Family leave bill rewritten to address pushback from businesses

John Herrick | The Colorado Independent

Zoey Palmer said she wanted to spend more time caring for her stepmother after she underwent open-heart surgery.

But the 31-year-old from Denver couldn’t take time off from her job at a cafe. She had rent to pay, she said.

Palmer had already lost her mother to ALS, a deadly neurodegenerative disease, and was worried she was going to lose another parent while she was recovering in the hospital.

“She didn’t have anybody there to advocate for her. She didn’t have anybody there to help her get food that she could actually keep down,” Palmer told The Colorado Independent.

Palmer was among the dozens that came to the state Capitol on Tuesday to rally in support of a bill that would create a state-run paid family and medical leave insurance program for all private-sector employees. This kind of program would have allowed her to take paid time off.

The bill, SB-188, dubbed the FAMLI Act, short for Family and Medical Leave Insurance, would provide up to 12 weeks of a partial wage replacement for certain employees while they care for their children, parents or themselves. Workers would begin paying premiums in 2023 with benefits rolling out in 2024.

The high-priority legislation, which many Democrats campaigned on last year, has been in a holding pattern for weeks after business groups, including the Colorado Chamber of Commerce, which represents hundreds of businesses, came out strongly against it. The legislation would require employers to share the cost of the benefits with their employees. The family leave program would cost an estimated $1 billion per year.

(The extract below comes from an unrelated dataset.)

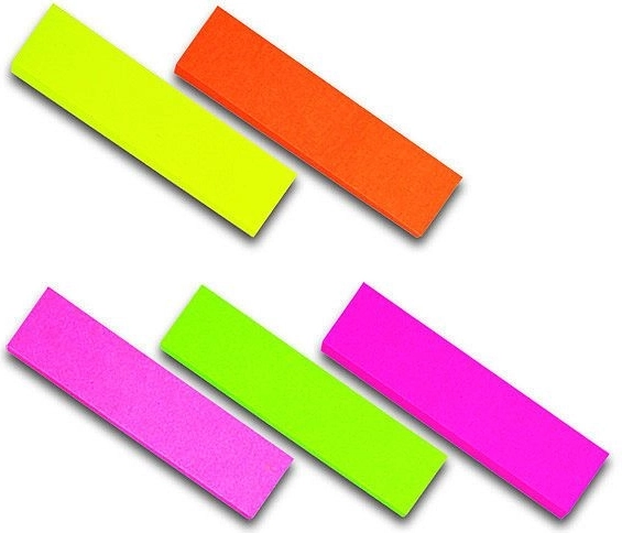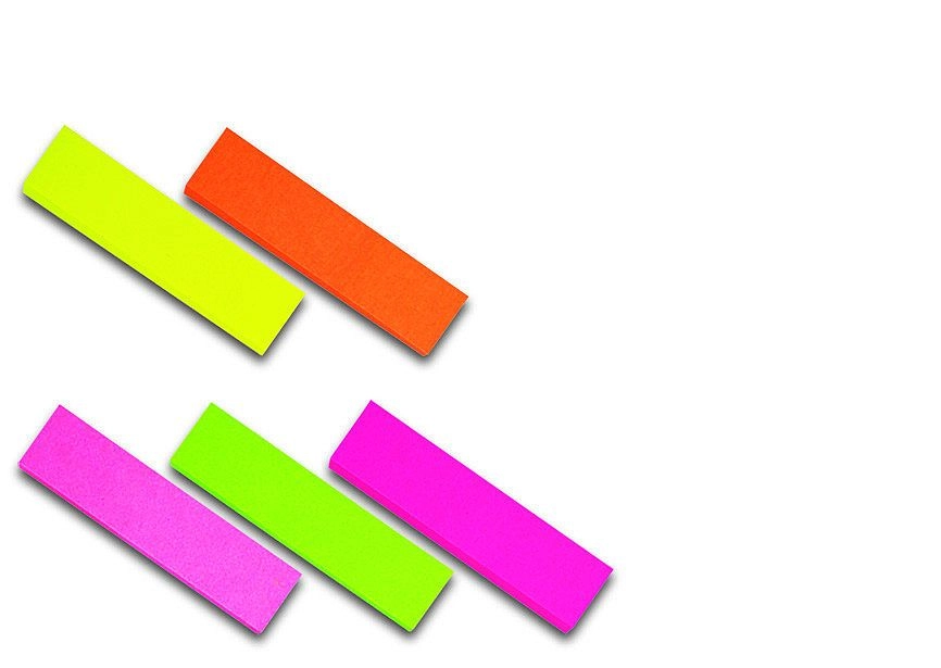 Praktické neónové samolepiace záložky na rýchle označovanie a orientáciu v dokumentoch. Balenie ponúka 5 výrazných farieb po 100 listoch (zelená, žltá, oranžová, ružová, tmavoružová). Záložky sú ľahko odnímateľné bez zanechania stôp a vďaka rozmeru 12 × 50 mm sa zmestia aj na okraj stránok, zošitov či kníh.

The Senate Finance Committee had tabled a final vote while supporters rewrote the legislation. On Tuesday, the committee approved 16 amendments that narrowed the scope of the program and reduced costs for businesses, including allowing some businesses to opt out. It passed the bill 4-3 along party lines. The measure now heads to the Appropriations Committee before it goes to the full Senate.

This year marks lawmakers’ fifth attempt at passing a paid family leave program, and, supporters say they are confident the bill will pass.

“We are going to get it over the finish line,” said Sen. Faith Winter, a Democrat from Westminster who is sponsoring the bill, at a rally outside the state Capitol.

Here are the basics on where the bill stands:

How is it financed?

First, employees must work 680 hours — the equivalent of 17 full-time work weeks — with the same business to qualify for benefits.

The bill includes a “premium,” or fee, of .64% of a worker’s salary that would be paid into the insurance pool. Workers and employers would share this cost. The latest version of the bill would split that premium among employers and employees 40% to 60%, respectively.

That means someone earning $50,000 per year would pay about $3.68 per week with their employer kicking in about $2.45 to match the premium.

The money is used to provide a partial wage replacement as high as 90% but the benefit is capped at $1,000 per week.

The bill requires the Department of Labor and Employment to commission a financial study to ensure the program can be sustained. This report must be presented to lawmakers by March 1, 2020.

What changes were made to satisfy business interests?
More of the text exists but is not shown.